Özellikle hafta sonu koşu, bisiklet, yürüyüş amacıyla gelen ziyaretçilerden dolayı o bölge oldukça yoğun olacaktır. Neşet Suyundaki çeşmede su molası verebilirsiniz. Sonrasında Bahçeköy yoluna bağlanırken son defa bir mini tırmanış geçeceğiz. Kısa olan segmenti tam güç eforla ve sonunda da sprint ile süsleyerek ormanı arkanızda bırakabilirsiniz.
İşe farklı bir açıdan da bakarsak, rotanın güzelliği ve bol yeşili sizi performans odaklı bir sürüşten koparıp götürebilir. Gezi amaçlı sürecekseniz yönünüzü yol boyunca tabelalarını göreceğiniz mesire alanlarına ya da diğer bentlere çevirebilirsiniz. Karnı acıkanlar için Bahçeköy’de muhtelif seçenekler mevcut. Gidişte ya da dönüşte boğaz sahili boyunca yer alan kafelerde de bir şeyler içme fırsatınız da var.
Hafta sonu sahil yolunda kahvaltı mekânlarından dolayı trafik oldukça sıkışmaktadır. Bunu da hatırlatalım.
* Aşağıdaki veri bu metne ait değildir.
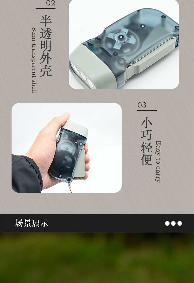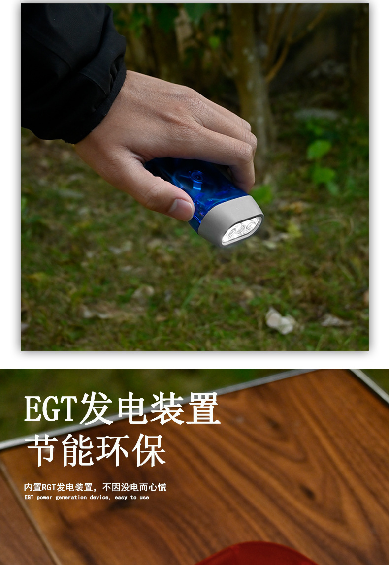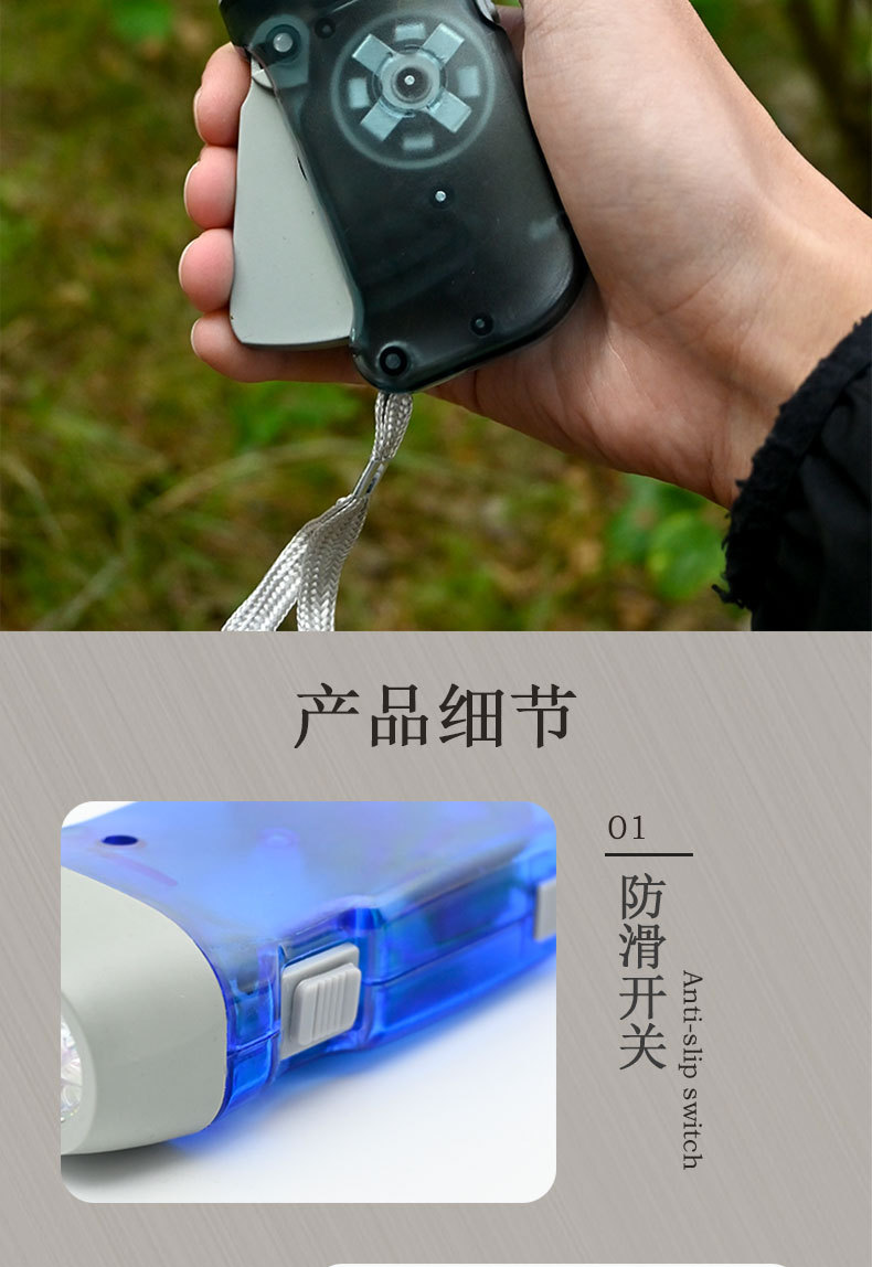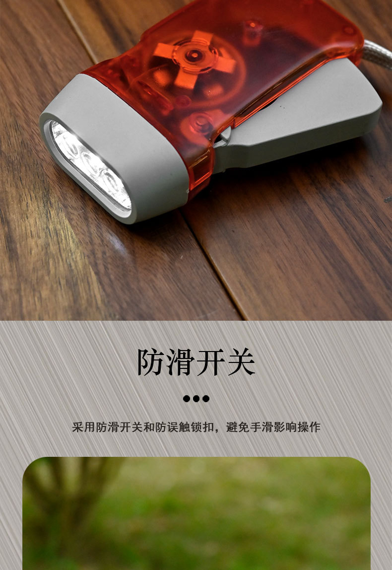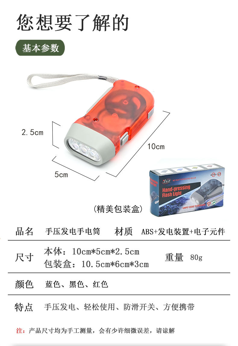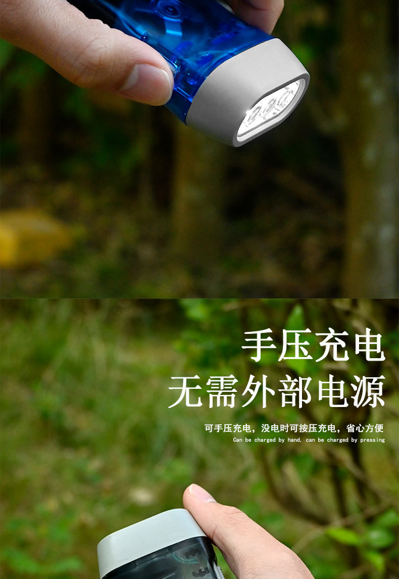 户外手压式自动发电应急式手电筒LED3灯手动超亮便捷迷你手电筒

Daha seyrek trafiği olan Anadolu yakası yolcularına İstinye’den feribotla Çubuklu’ya geçmelerini tavsiye ederiz.
Hafta sonları İstanbul’da grup sürüş aktiviteleri olan bisiklet grupları var. Yaşınıza ve performansınıza uygun olanlarına katılmayı düşünebilirsiniz. Bu rotaları grupça geçerek farklı tecrübeleri deneyimlemek size yeni katkılar sağlayacaktır. Ayrıca bu rota üzerinden gireceğiniz ara yollar sizi nefis orman manzaralarına ve bentlere ulaştıracaktır. Yolunuz açık olsun!